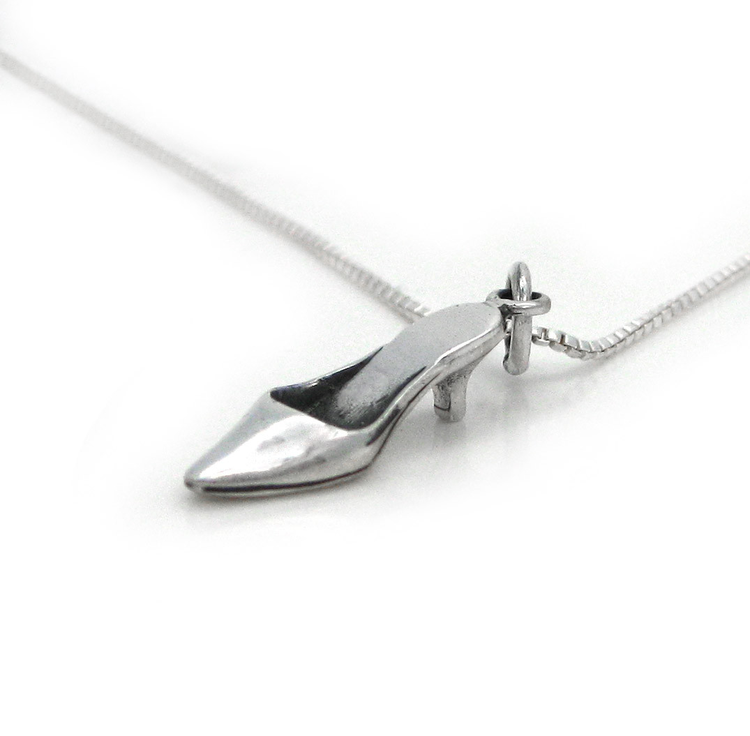 Sterling silver kitten heel three dimensional charm necklace. Shoe lovers will get a kick out of wearing this necklace. Chain is included. Antique finish to enhance the details. Photo enlarged to show details.
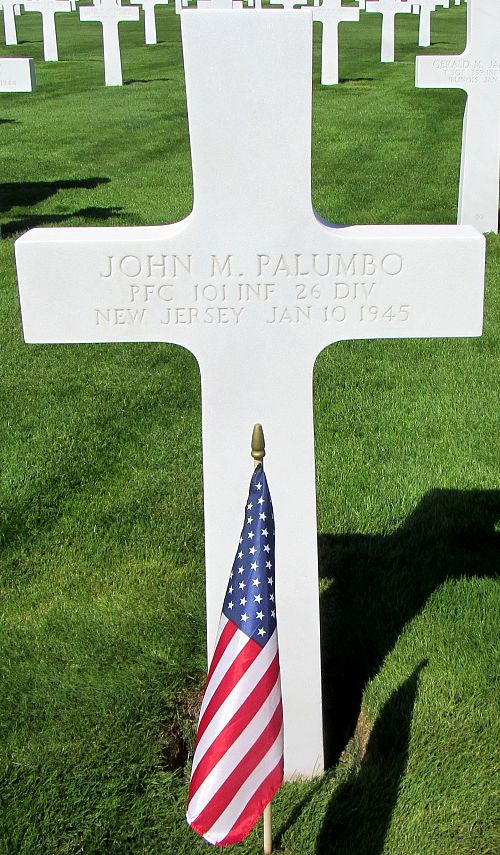 Pfc John M. Palumbo was a driver before he enlisted in Trenton, New Jersey on 19 January 1941.Source of information: Peter Schouteten, www.abmc.gov, www.wwiimemorial.com - Susan F. Clements, www.archives.gov – WWII Enlistment Record, www.ancestry.com - Headstone and Interment Record / U.S. WWII Draft Cards Young Men / Theresa Natalizio Family Tree, www.fold3.com – 26th Infantry Division
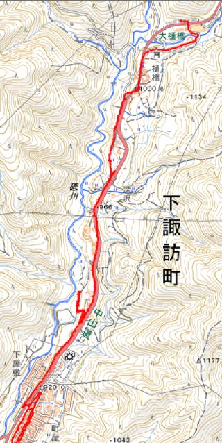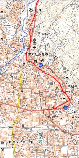 歩いたコース 下諏訪から水戸浪人塚9.03km/2時間40分/高低差290m
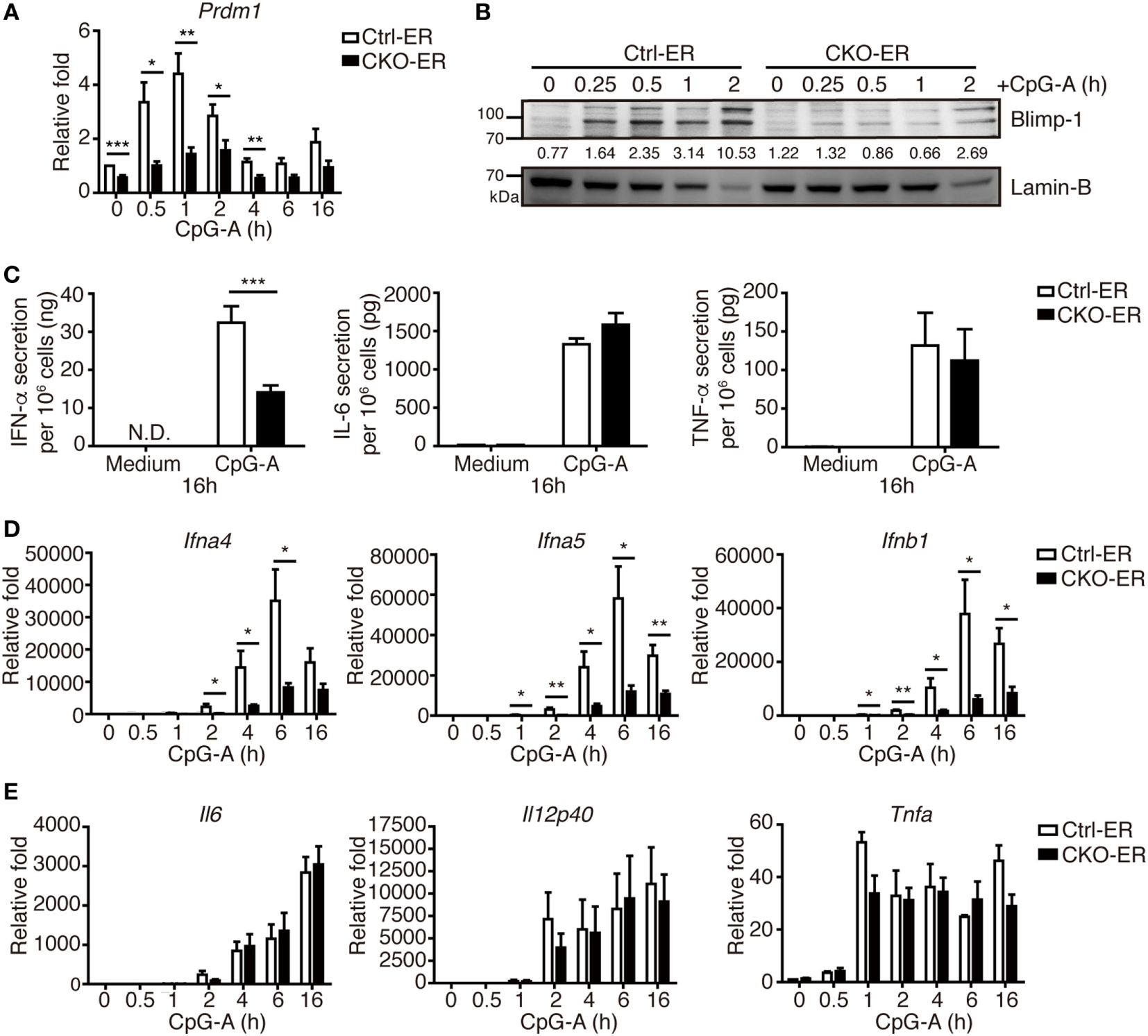 Inducible deletion of Prdm1 confirmed the important role of Blimp-1 in type I IFN (IFN-I) production in plasmacytoid dendritic cells (pDCs). (A,B) RT-quantitative PCR (RT-qPCR) (A) and immunoblotting (B) showing Blimp-1 mRNA and protein levels in FLpDCs from Ctrl-ER and CKO-ER mice treated with 500 nM 4-OHT and then stimulated with 1 µM CpG-A at indicated time points. The quantitation of Blimp-1 in (B) was presented by the ratios of Blimp-1 band intensity vs. Lamin-B band intensity at each time point. (C) 4-OHT treated FLpDCs cultured from Ctrl-ER and CKO-ER mice were stimulated with 1 µM CpG-A or medium alone for 16 h, followed by ELISA to measure the levels of IFN-α, IL-6, and TNF-α production. (D,E) RT-qPCR showing mRNA levels of IFN-I (D) and proinflammatory cytokines (E) in 4-OHT treated FLpDCs from Ctrl-ER and CKO-ER mice after stimulation with 1 µM CpG-A at indicated time points. Data represent the mean ± SEM and were analyzed by two-tailed unpaired Student’s t-test [n = 6 in (A), 3 in medium, 9−14 in CpG-A treatment in (C), 7 in (D), and 3−4 in (E)]. *p < 0.05; **p < 0.01; ***p < 0.001.
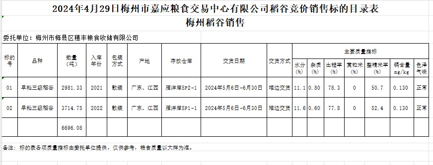 受客戶委托,梅州市嘉應(yīng)糧食交易中心有限公司定于2024年4月29日(星期一)舉辦糧食競價交易會。梅州市梅縣區(qū)穗豐糧食收儲有限公司擬銷售2021年、2022年產(chǎn)早秈稻6696.08噸。
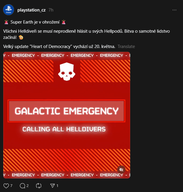 В сообществе Helldivers 2 стал распространяться скриншот чешского подразделения PlayStation. Судя по данному объявлению, планета в опасности и начнётся «битва за само человечество» — 20 мая якобы выйдет обновление Heart of Democracy и игрокам предстоит сражаться на самой Супер-Земле.
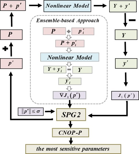 图1 使用集合投影方法求解CNOP-P的流程示意图
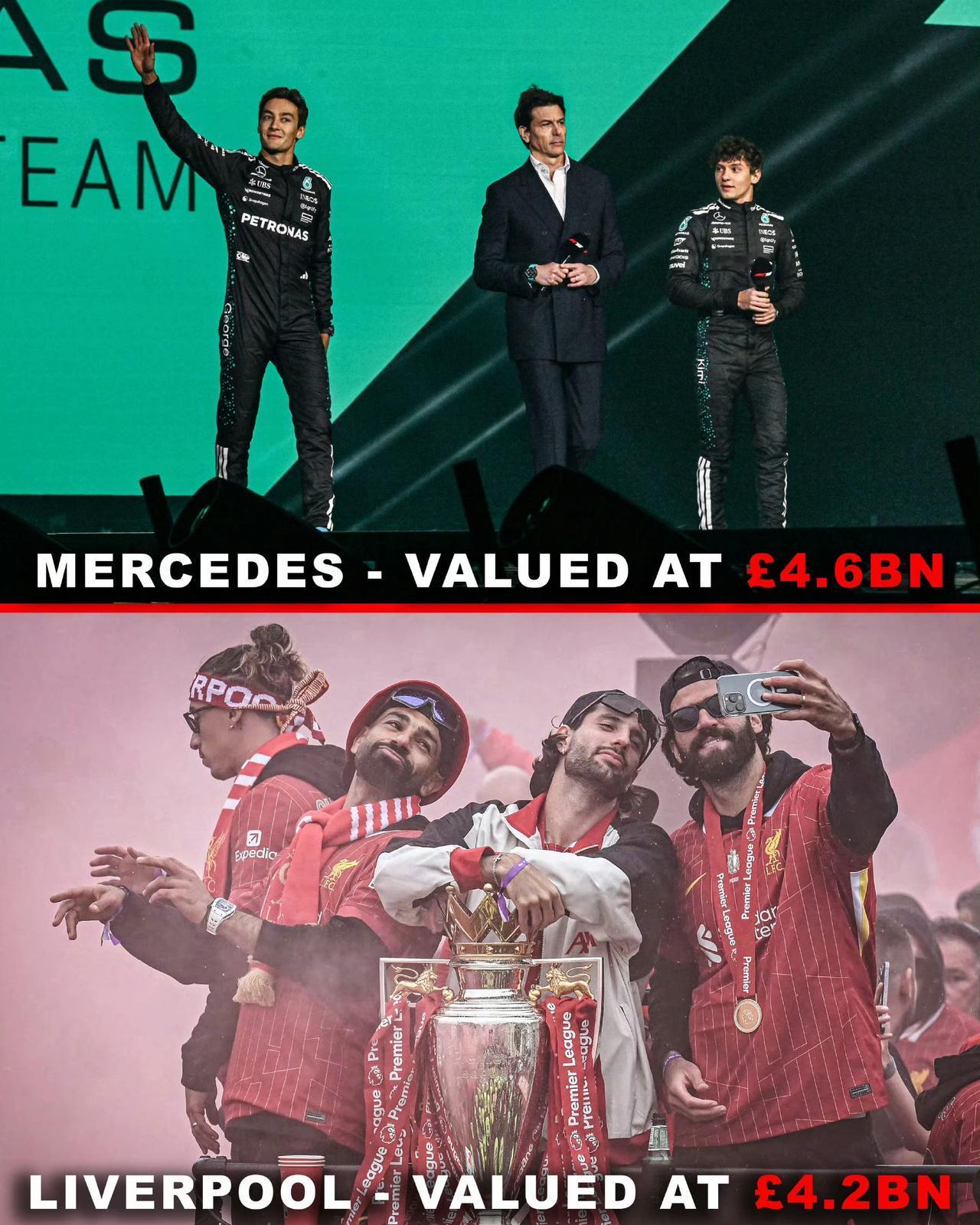 想不到F1梅奔车队的市值超过英超利物浦球队的市值。 F1的确比英超疯狂,围场激情,讲究胆大心细。

--------------------

**ACTIVITY**. With the pictures left out, write out all of the data exactly.

**RESULT BELOW**.
 Sterling silver kitten heel three dimensional charm necklace. Shoe lovers will get a kick out of wearing this necklace. Chain is included. Antique finish to enhance the details. Photo enlarged to show details.
 Pfc John M. Palumbo was a driver before he enlisted in Trenton, New Jersey on 19 January 1941.Source of information: Peter Schouteten, www.abmc.gov, www.wwiimemorial.com - Susan F. Clements, www.archives.gov – WWII Enlistment Record, www.ancestry.com - Headstone and Interment Record / U.S. WWII Draft Cards Young Men / Theresa Natalizio Family Tree, www.fold3.com – 26th Infantry Division
 歩いたコース 下諏訪から水戸浪人塚9.03km/2時間40分/高低差290m
 Inducible deletion of Prdm1 confirmed the important role of Blimp-1 in type I IFN (IFN-I) production in plasmacytoid dendritic cells (pDCs). (A,B) RT-quantitative PCR (RT-qPCR) (A) and immunoblotting (B) showing Blimp-1 mRNA and protein levels in FLpDCs from Ctrl-ER and CKO-ER mice treated with 500 nM 4-OHT and then stimulated with 1 µM CpG-A at indicated time points. The quantitation of Blimp-1 in (B) was presented by the ratios of Blimp-1 band intensity vs. Lamin-B band intensity at each time point. (C) 4-OHT treated FLpDCs cultured from Ctrl-ER and CKO-ER mice were stimulated with 1 µM CpG-A or medium alone for 16 h, followed by ELISA to measure the levels of IFN-α, IL-6, and TNF-α production. (D,E) RT-qPCR showing mRNA levels of IFN-I (D) and proinflammatory cytokines (E) in 4-OHT treated FLpDCs from Ctrl-ER and CKO-ER mice after stimulation with 1 µM CpG-A at indicated time points. Data represent the mean ± SEM and were analyzed by two-tailed unpaired Student’s t-test [n = 6 in (A), 3 in medium, 9−14 in CpG-A treatment in (C), 7 in (D), and 3−4 in (E)]. *p < 0.05; **p < 0.01; ***p < 0.001.
 受客戶委托,梅州市嘉應(yīng)糧食交易中心有限公司定于2024年4月29日(星期一)舉辦糧食競價交易會。梅州市梅縣區(qū)穗豐糧食收儲有限公司擬銷售2021年、2022年產(chǎn)早秈稻6696.08噸。
 В сообществе Helldivers 2 стал распространяться скриншот чешского подразделения PlayStation. Судя по данному объявлению, планета в опасности и начнётся «битва за само человечество» — 20 мая якобы выйдет обновление Heart of Democracy и игрокам предстоит сражаться на самой Супер-Земле.
 图1 使用集合投影方法求解CNOP-P的流程示意图
 想不到F1梅奔车队的市值超过英超利物浦球队的市值。 F1的确比英超疯狂,围场激情,讲究胆大心细。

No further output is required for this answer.